The agent’s power can be very broad or very limited, depending on the language in the power of attorney. The power can also be made “springing,” meaning that it doesn’t take effect unless and until the principal becomes incapacitated. The principal can revoke or amend the power at any time until they become legally incapacitated. If and when they become incapacitated and need your help, you can simply step into their shoes, financially speaking. As an agent, you are obligated to act in the principal’s best interest.
If your parent has a revocable living trust, they can place their assets in the trust, and continue to use and enjoy those assets just as when they owned them in their own name.
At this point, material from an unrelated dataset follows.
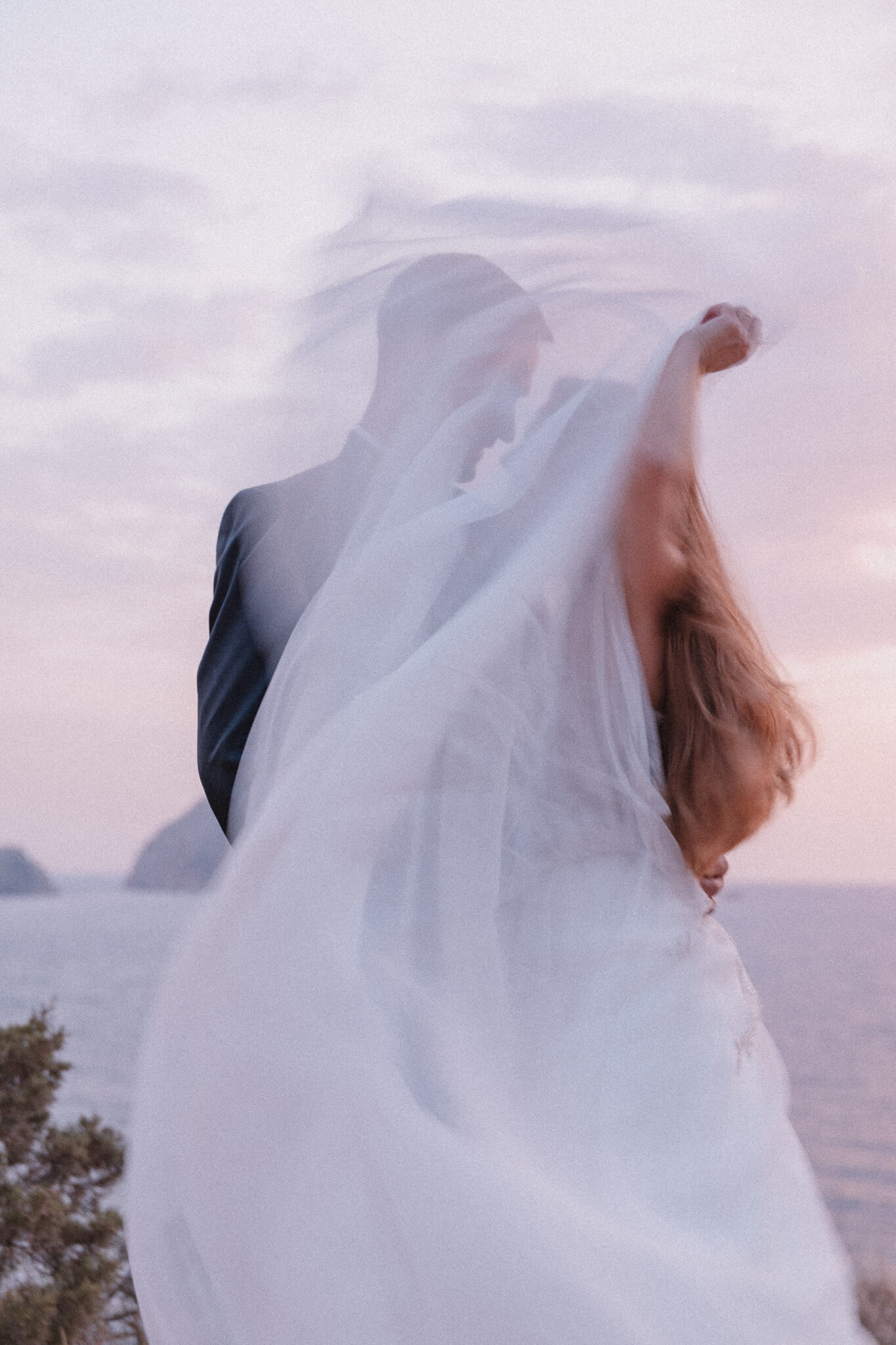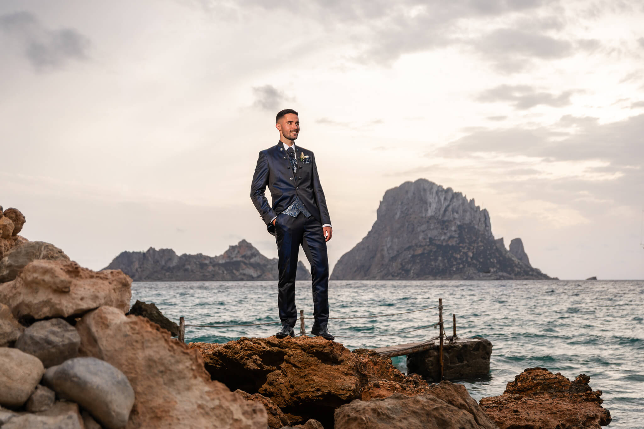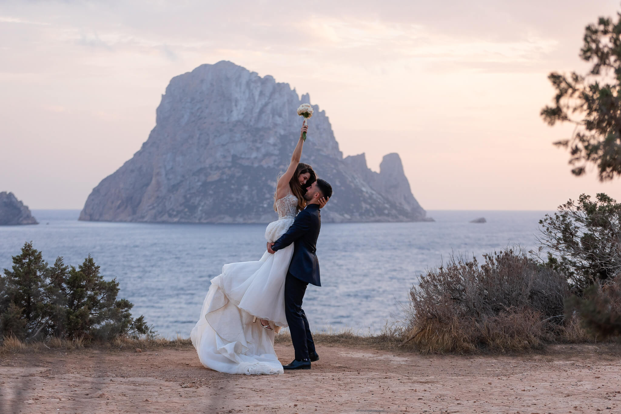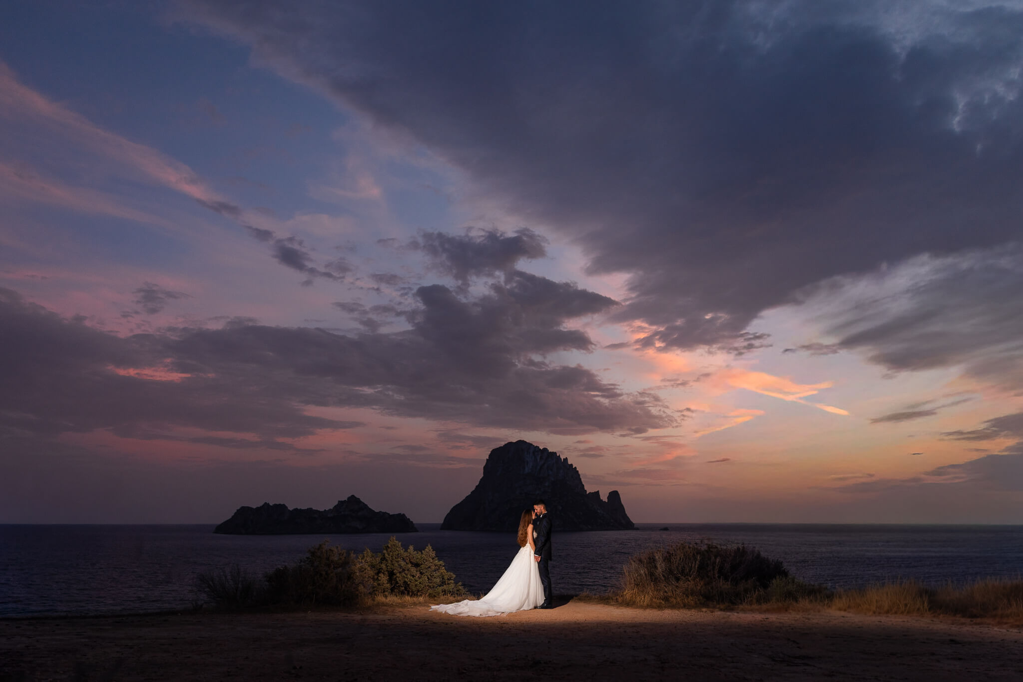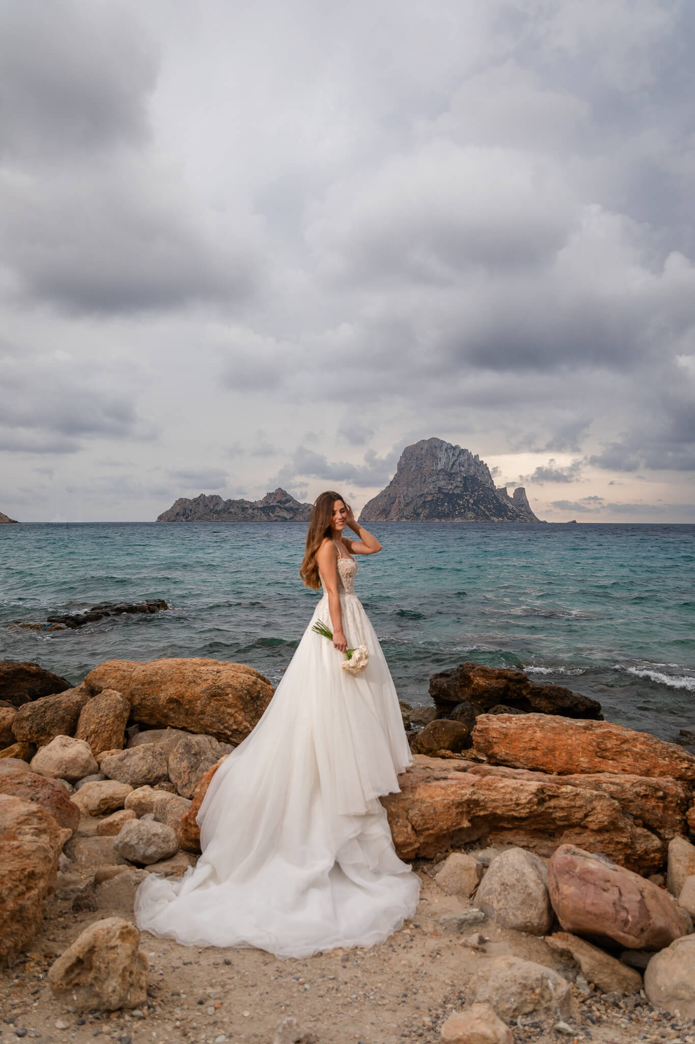 Después de su boda, Marina & Marcel se escaparon desde Barcelona hasta Cala d’Hort para su sesión de postboda. El día amaneció nublado, pero esa luz suave y misteriosa le dio un toque brutal a cada foto.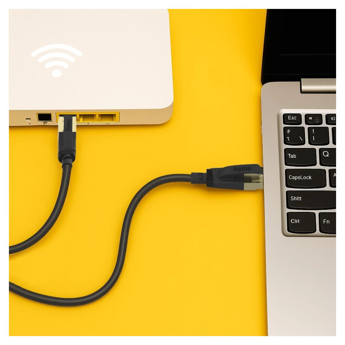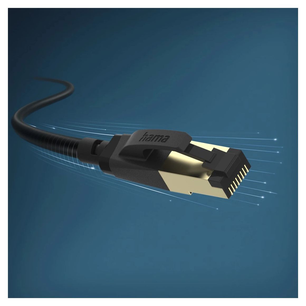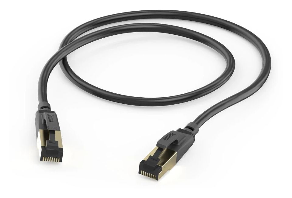 Hama 00202000. Kabellänge: 0,5 m, Kabelstandard: Cat8, Kabelschirmung: S/FTP (S-STP), Anschluss 1: RJ-45, Anschluss 2: RJ-45, Beschichtung Steckerkontakte: Gold, Datenübertragungsrate: 40000 Mbit/s, Produktfarbe: Schwarz

If and when they become incapacitated, a successor trustee they have named in the trust document takes over management of the trust. The successor trustee’s powers are specified in the trust document. As with a springing durable financial power of attorney, typically it is necessary to obtain a letter from your parent’s physician confirming their incapacity (which creates your authority to step into their shoes, financially speaking). A revocable living trust and financial power of attorney are not necessarily mutually exclusive. For instance, it is advisable to have an agent under a financial power of attorney to deal with any assets that, for some reason, were not placed in the trust.
If your parent hasn’t executed a durable financial power of attorney and doesn’t have a living trust, and they become incapacitated and unable to manage their finances, the only way you can get legal authority to act on their behalf is a conservatorship. Conservatorship requires an interested person to petition the probate court for authority to manage an incapacitated person’s finances (assets in a trust do not need to go through conservatorship). The process can be time-consuming and stressful, especially if the person in need of assistance and protection doesn’t want it.
Any estate planning or elder law attorney will tell you that it is much better for an adult to be proactive and create a trust and/or execute a financial power of attorney than to have to become the subject of a conservatorship. If your parent doesn’t have a power of attorney in place, offer to go with them to consult an elder law attorney to learn more about why they should.
How to Manage Elderly Parents’ Finances
If you have the legal authority to manage your elderly parents’ finances, the next question is how best to exercise that power for their benefit. Here are some tips.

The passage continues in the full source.